“Merit” and the NIH disparity of grant award to Black PIs
June 10, 2020
I was just noticing something that I hadn’t really focused on before in the Hoppe et al 2019 report on the success of grant applications based on topic choices. This is on me because I’d done an entire blog post on a similar feature of this situation back when Ginther et al 2011 emerged. The earlier blog post focused on the quite well established reality that almost all apps are funded up to a payline (or virtual payline for ICs that claim, disingenuously, that they don’t have one) and that the odds of being funded as one moves away from (worse scoring) that payline, the lower the odds. Supplemental Figure S1 in Ginther showed that these general trends were true for all racial groups.
My blog post was essentially focused on the idea that some apps from African-American PIs were not being funded at a given near-miss score while some apps from white PIs were being funded at worse scores.
It’s worth taking a look at this in Hoppe et al. because it is a more recent dataset from applications scored using the new nine point scale.
I was alerted to Table 1 of Hoppe et al. which shows the percentage of the total funded pool of applications from Black and white PIs by the voted percentile rank, binned into 5 percentile ranges (0-4 is good, 85-89%ile bad).
As you would expect, almost all applications in the top two bins (0-9%ile) were funded regardless of PI race. And the chances of an app being funded at a given percentile bin decrease the further they are away from the very top scores. Where it gets interesting is after the 34%ile mark where no Black PI apps were funded. In any score bin. And there was at least one application in each bin save for 65-69, 75-79 and 80-84 which are not worth talking about anyway.
The pinch is observing that at least some applications of white PIs were funded from 35-59th percentile. I.e., at scores that are worse than the score of any app funded with a Black PI. On Twitter I originally screwed up the count because I stupidly applied the bin percentages to the entire population of funded awards. Not so. In fact I need to calculate it per bin.
Now if my current thinking is right, and it may not be, those bonus bins for white PIs represent 25% of the distribution (5 bins, 5%ile points per bin). The supplement Table S1 tells us there were 103,620 applications submitted by white PIs so that leaves us with 25,905 applications, 5,181 in each bin.
This is very rough.
Percentiling of applications is within a rolling three rounds of each standing study section. Special Emphasis Panels are variously percentiled- sometimes against an associated parent study section, sometimes against the total CSR pool.

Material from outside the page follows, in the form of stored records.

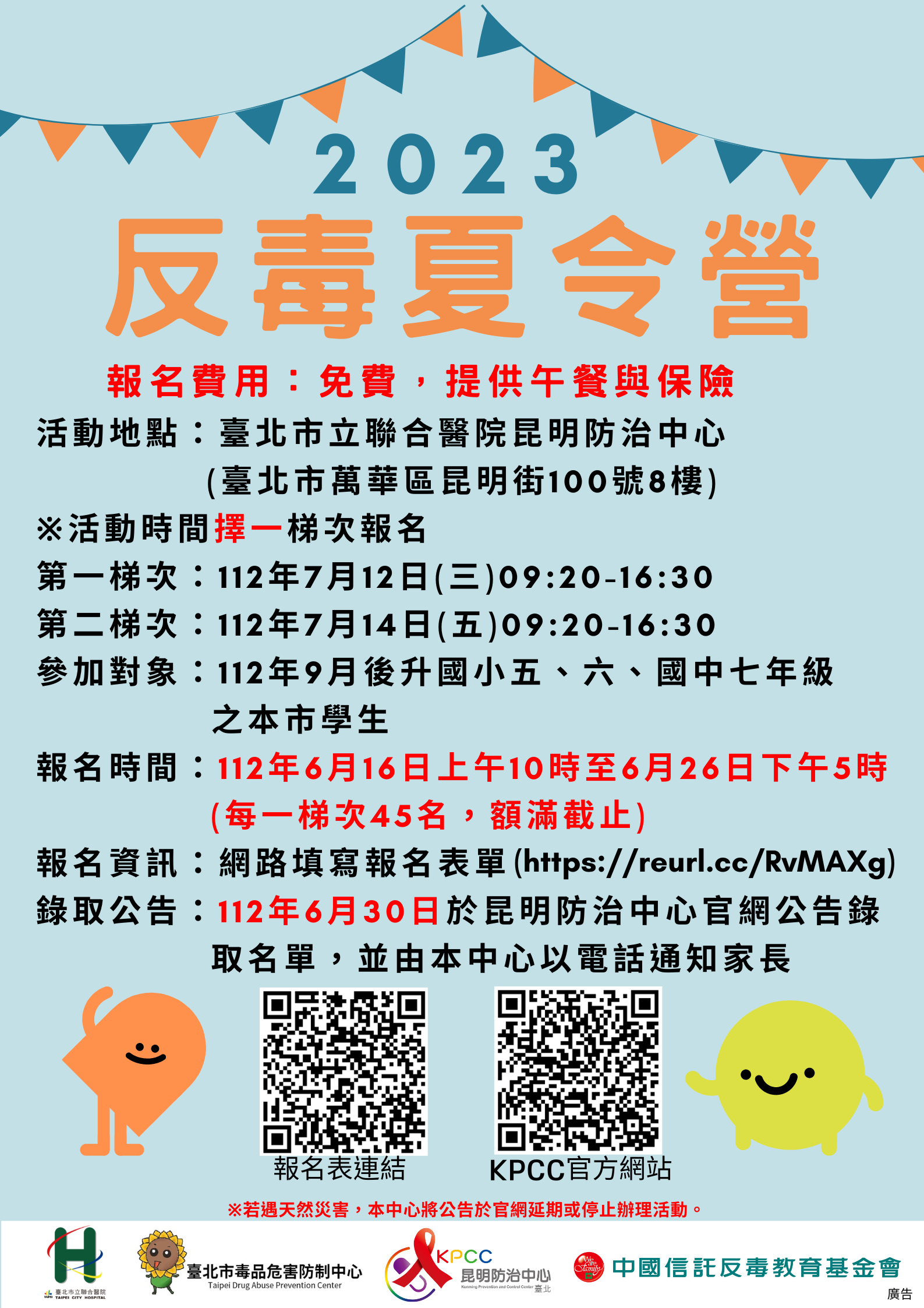 三、檢附營隊宣傳海報1份,惠請協助公告宣傳,報名資訊可至 昆明防治中心官網查詢(https://tpech.gov.taipei /mp109231)。 四、本中心活動承辦人:楊立勤社工師,連絡電話02-23703739 分機1470。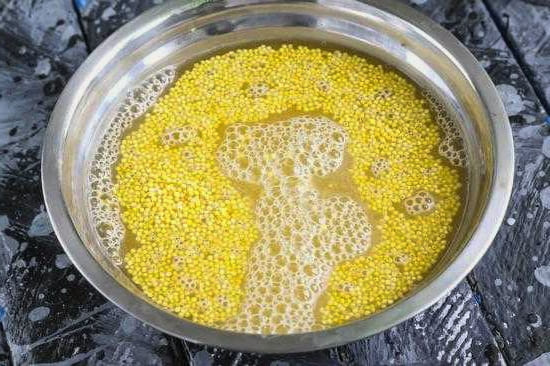 Giet gierst met een kleine hoeveelheid kokend water en laat het 10-15 minuten trekken. Dit verwijdert de bitterheid van het product en maakt het zachter.
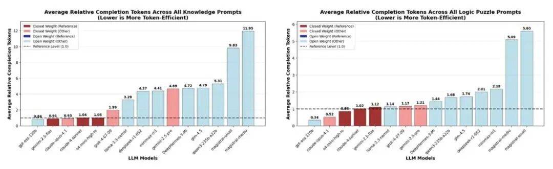 不过,到了需要推理数学题(Math problems)以及更复杂的逻辑谜题(Logic puzzles),DeepSeek-R1-0528消耗的token数量,高出基准水平缩小至2倍左 右。看来实际工作中,向合适的模型询问合适的问题是一大学问。 很多业内人士已经注意到,似乎DeepSeek-R1等开源模型,在回答问题时往往缺乏"节制"。尤其是简单问题,它想得过于复杂了。它的单位token成本的 API价格优势,最终将可能被不受制约的"冗长思考"所侵蚀。 NousResearch团队一项研究,就是想搞清楚,开源权重模型在完成相同任务时,是否系统性地需要比闭源模型更多的token?当将token消耗数量纳入考量 后,这种差异如何影响总体推理成本?这种效率差异在不同的任务类型中是否更加显著? 该研究发现,对于不需要复杂推理就可直答的知识题(Knowledge questions),开源模型的"浪费"最为明显,DeepSeek-R1-0528完成任务消耗的token数量 (completion tokens)——它既包括向用户呈现的输出结果,也包括思维链(CoT),并与实际计费的token数量相匹配——要比基准水平高 ...

But let’s take this as the aggregate for discussion.
Multiplying each of the bin success rates, I end up with a total of 119 applications of white PIs funded from 34-59th percentile. A score range at which ZERO applications were funded to Black PIs.
So, in essence, you could replace all of those applications funded to white PIs with more meritorious (well? that’s how they use the rankings. percentile = merit) unfunded applications submitted by Black PIs. Even by some distance as only 74% of 10-14%ile scoring applications with Black PIs were funded for example.
I was curious why Hoppe et al included the Table and what use they made of it. I could find only one mention of Table 1 and it was in the section titled “IC decisions do not contribute to funding gap“.
However, below the 15th percentile, there was no difference in the average rate at which ICs funded each group (Table 1); applications from AA/B and WH scientists that scored in the 15th to 24th percentile range, which was just above the nominal payline for FY 2011–2015, were funded at similar rates (AA/B 25.2% versus WH 26.6%, P = 0.76; Table 1). The differences we observe at narrower percentile ranges (15 to 19, 20 to 24, 25 to 29, and 30 to 34) slightly favored either AA/B or WH applicants alternately but were in no case statistically significant (P ≥ 0.13 for all ranges). These results suggest that final funding decisions by ICs, whether based on impact scores or discretionary funding decisions, do not contribute to the funding gap.
This is more than a little annoying. Sure, they sliced and diced the analysis down to where it is not statistically resolvable as a difference. But real world? It’s not a matter of constant anger for any PI who has a near miss score and gets wind of anyone being funded at a worse score? Sure it is.
And that last statement is just plain false. 119 white PI applications funded at worse scores is 46.5% of the total number of applications funded with Black PIs. If all of those discretionary funding decisions had gone to Black PIs, that would raise the hit rate from 10.7% to 15.6% for Black PIs. Whereas the white PI hit rate would plunge from 17.7% to…17.56%.
So this analysis they are referring to supports quite the opposite conclusion. Discretionary funding decisions, i.e. outside of percentile ranks where nearly every application is funded, do in fact contribute substantially to the disparity.
and correcting this to give Black PIs a fair hit rate, by selecting applications of HIGHER MERIT, would cause an entirely imperceptible change in the chances for white PIs.
June 12, 2020 at 10:12 am
Drugmonkey,
Any interest in doing a post on this open Mike blog update: “Anonymizing Peer Review for the NIH Director’s Transformative Research Award Applications” ?
Common Find decided that double blind review is the solution to their problems of disparity in outcomes based on demographics and geography/institution for HRHR programs. The data showing just how bad their problem is can be found in recent HRHR Advisory Committee reports, https://commonfund.nih.gov/newinnovator/programevaluation.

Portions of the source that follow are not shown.